(Data extracted from a collection)
___

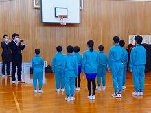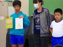 | あと少しで学校が見えてきます。がんばれ!! 3・4年の部の1、2位争いです。 | 表彰式です。 5・6年の部では、あと6秒で新記録でした。風の影響もあり更新はできませんでしたが、よく力を出し切りました。 | 閉会宣言です。 しっかり締めて、マラソン大会を閉じました。 |
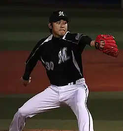 Yoshihiro Ito (伊藤 義弘, born June 2, 1982 in Fukuoka) is a Japanese former professional baseball pitcher who played for the Chiba Lotte Marines in Japan's Nippon Professional Baseball from 2008 to 2015.
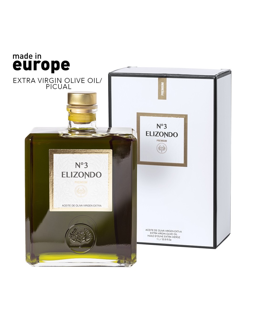 Aceite de oliva Elizondo Nº3 1L. Calidad Virgen Extra temprano y de variedad Picual, de un color verde intenso, recolectado en las primeras semanas de octubre, cuando las características organolépticas del fruto son óptimas, de extracción en frío. Fabricación española y presentado en botella de cristal de diseño con tapón de seguridad. Caja individual exclusiva con amplia superficie de marcaje.
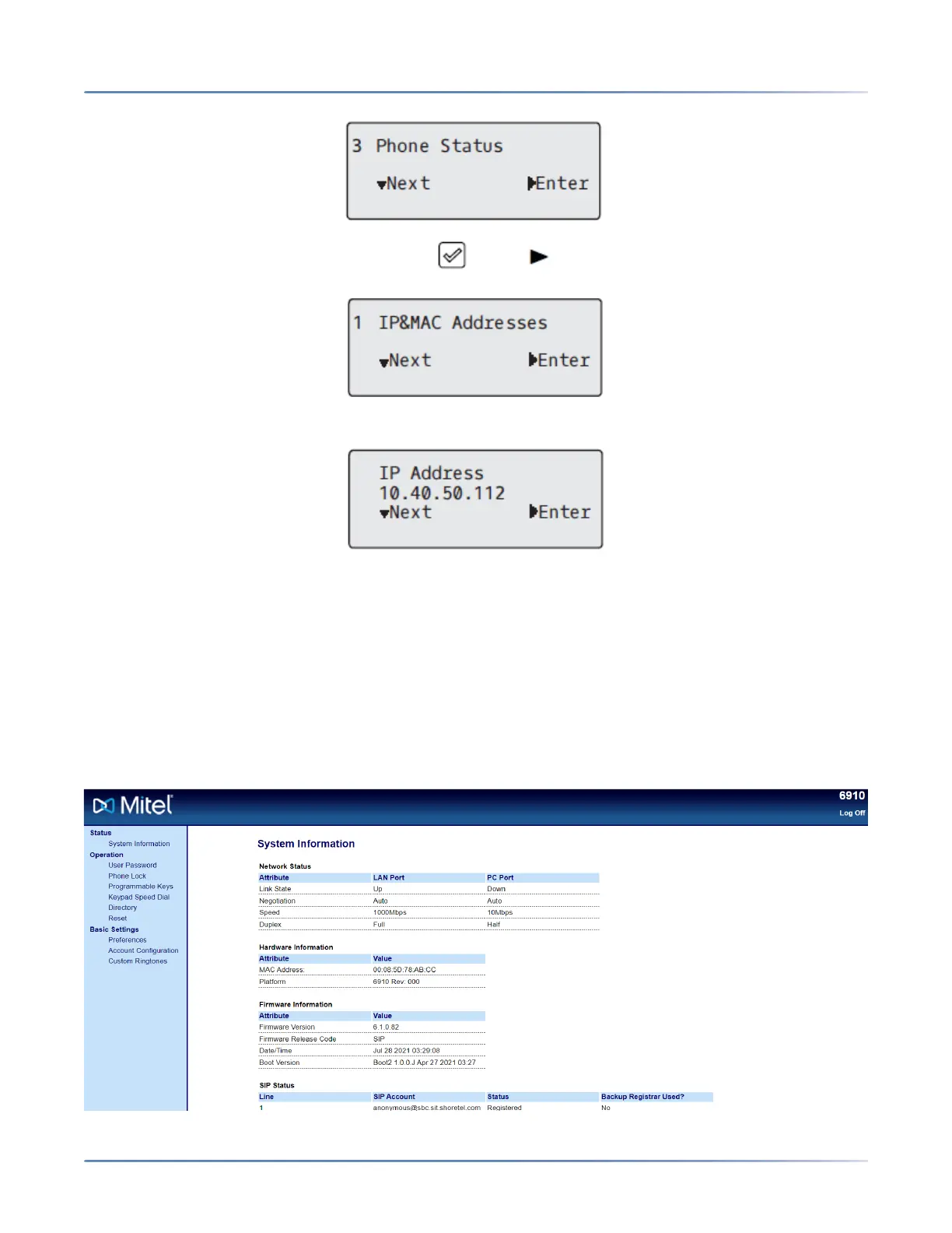 PHONE STATUS VIA THE MITEL WEB UI
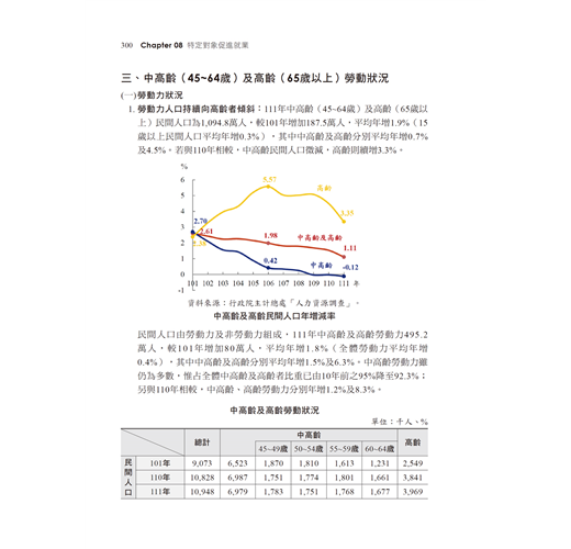 三、中高齡(45~64歲)及高齡(65歲以上)勞動狀況
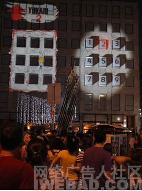 廣告執(zhí)行:代理公司聯(lián)合媒介公司(傳立)在伊斯坦布爾的市中心一棟大樓上做了一個(gè)好玩的吃豆豆投影游戲。
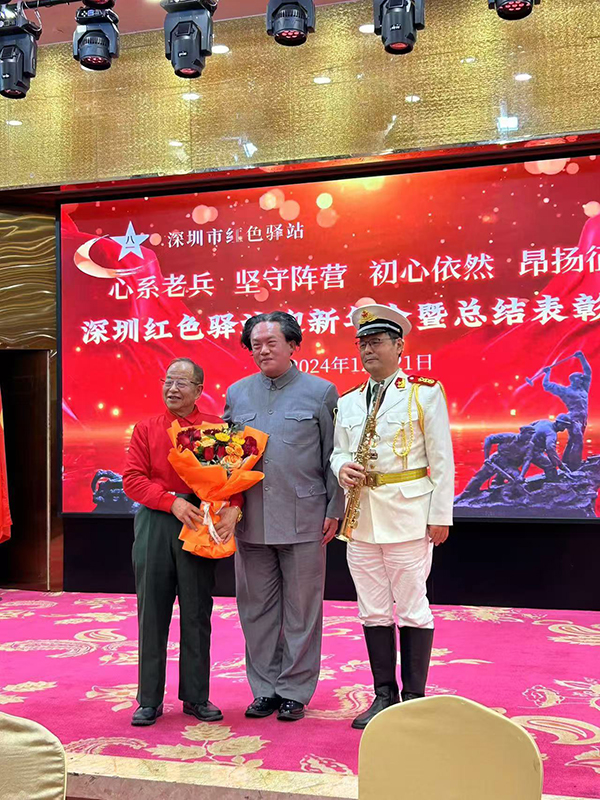 在表彰先进环节,深圳红色驿站秘书长吕胜利宣读了表彰决定,对在过去一年中表现突出的副站长彭世娥、冯忠兴、周欠玉、文正旺等先进工作者进行了表彰,并颁发了荣誉奖牌。此外,原基建工程兵老领导、航运集团党委书记吴富权还为深圳红色驿站站长王兵华颁发了“特别奉献奖”,以表彰他在推动红色文化传承和服务老兵方面所做出的杰出贡献。
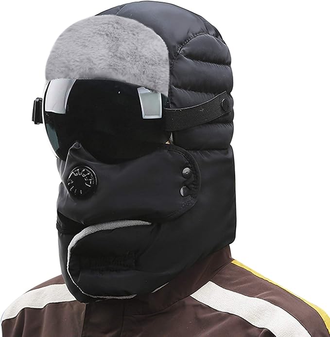Men Women Windproof Full Cover Balaclava with Glasses Mask, Winter Thermal Thick Ski Cap Camping Hunting Trapper Hat
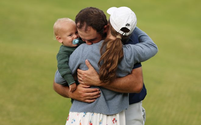 シェフラーが表彰式に出席中、グリーン周りで見ていたベネットちゃん(左)は、大きな丘を転びながらも登り、父の元にかけ寄った。「全米プロ」の表彰式で、初めてひとり立ちできた彼も、今では歩けるまでに成長している。そんな成長ぶりを、シェフラーのメジャー優勝のたびに見ることができるのもおもしろい。©GettyImages
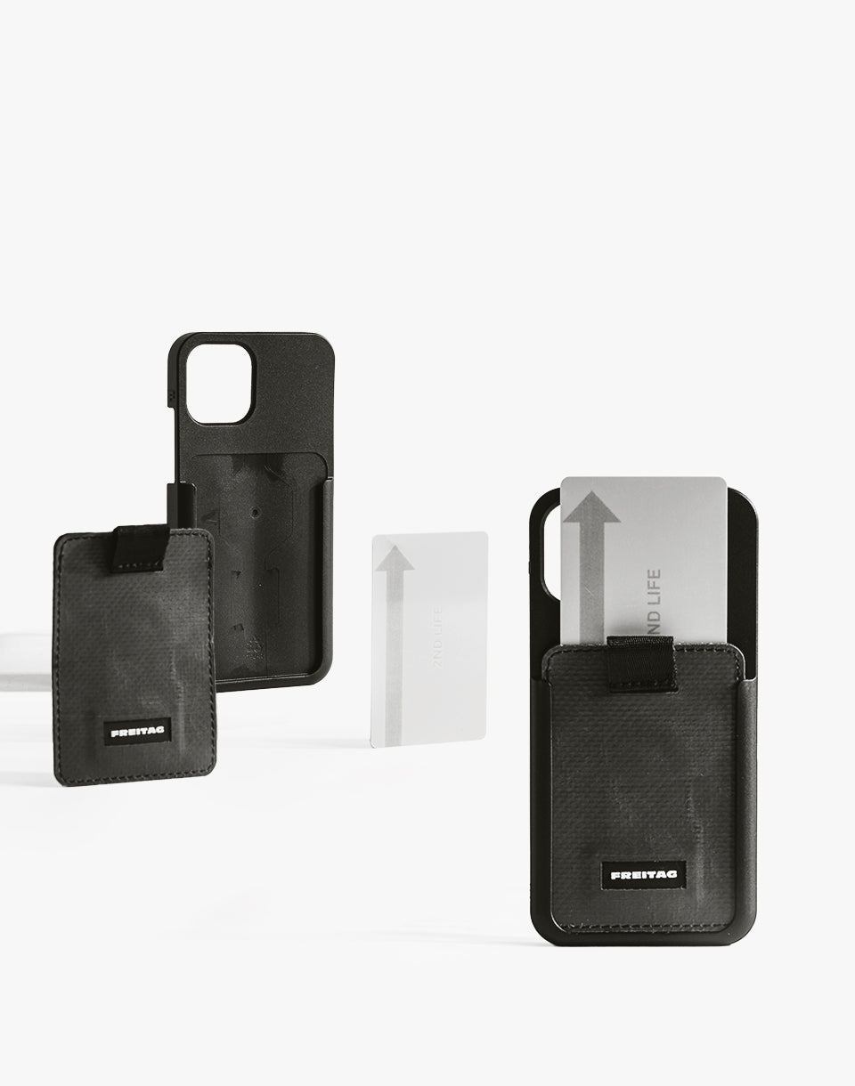 FREITAG F380 Justin - original card holder for FREITAG F385 Circ-Case made from used truck tarps. The card holder will also be compatible with FREITAG next generation iPhone cases.
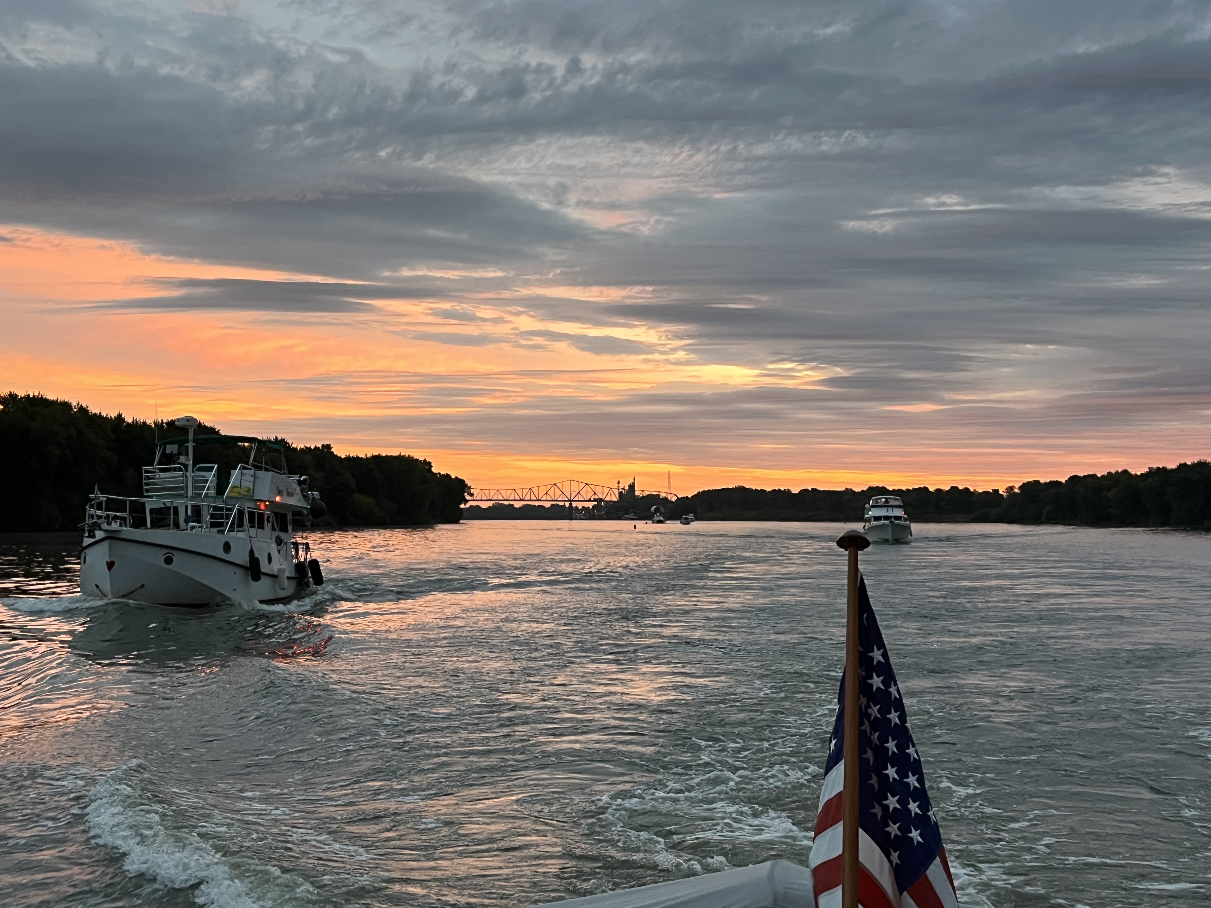 We once again started the day early to get ahead of commercial traffic in the LaGrange Lock. Pulled off the dock before sunup at 6:50am. We had 8 boats following us, but none of them were planning to go as far as we did today.

___

An exact transcription is needed, covering the line with "在表彰先进环节,深圳红色驿站" and every line after it to the end of the entries, but not the pictures.

- **Completed exercise**:
 在表彰先进环节,深圳红色驿站秘书长吕胜利宣读了表彰决定,对在过去一年中表现突出的副站长彭世娥、冯忠兴、周欠玉、文正旺等先进工作者进行了表彰,并颁发了荣誉奖牌。此外,原基建工程兵老领导、航运集团党委书记吴富权还为深圳红色驿站站长王兵华颁发了“特别奉献奖”,以表彰他在推动红色文化传承和服务老兵方面所做出的杰出贡献。
Men Women Windproof Full Cover Balaclava with Glasses Mask, Winter Thermal Thick Ski Cap Camping Hunting Trapper Hat
 シェフラーが表彰式に出席中、グリーン周りで見ていたベネットちゃん(左)は、大きな丘を転びながらも登り、父の元にかけ寄った。「全米プロ」の表彰式で、初めてひとり立ちできた彼も、今では歩けるまでに成長している。そんな成長ぶりを、シェフラーのメジャー優勝のたびに見ることができるのもおもしろい。©GettyImages
 FREITAG F380 Justin - original card holder for FREITAG F385 Circ-Case made from used truck tarps. The card holder will also be compatible with FREITAG next generation iPhone cases.
 We once again started the day early to get ahead of commercial traffic in the LaGrange Lock. Pulled off the dock before sunup at 6:50am. We had 8 boats following us, but none of them were planning to go as far as we did today.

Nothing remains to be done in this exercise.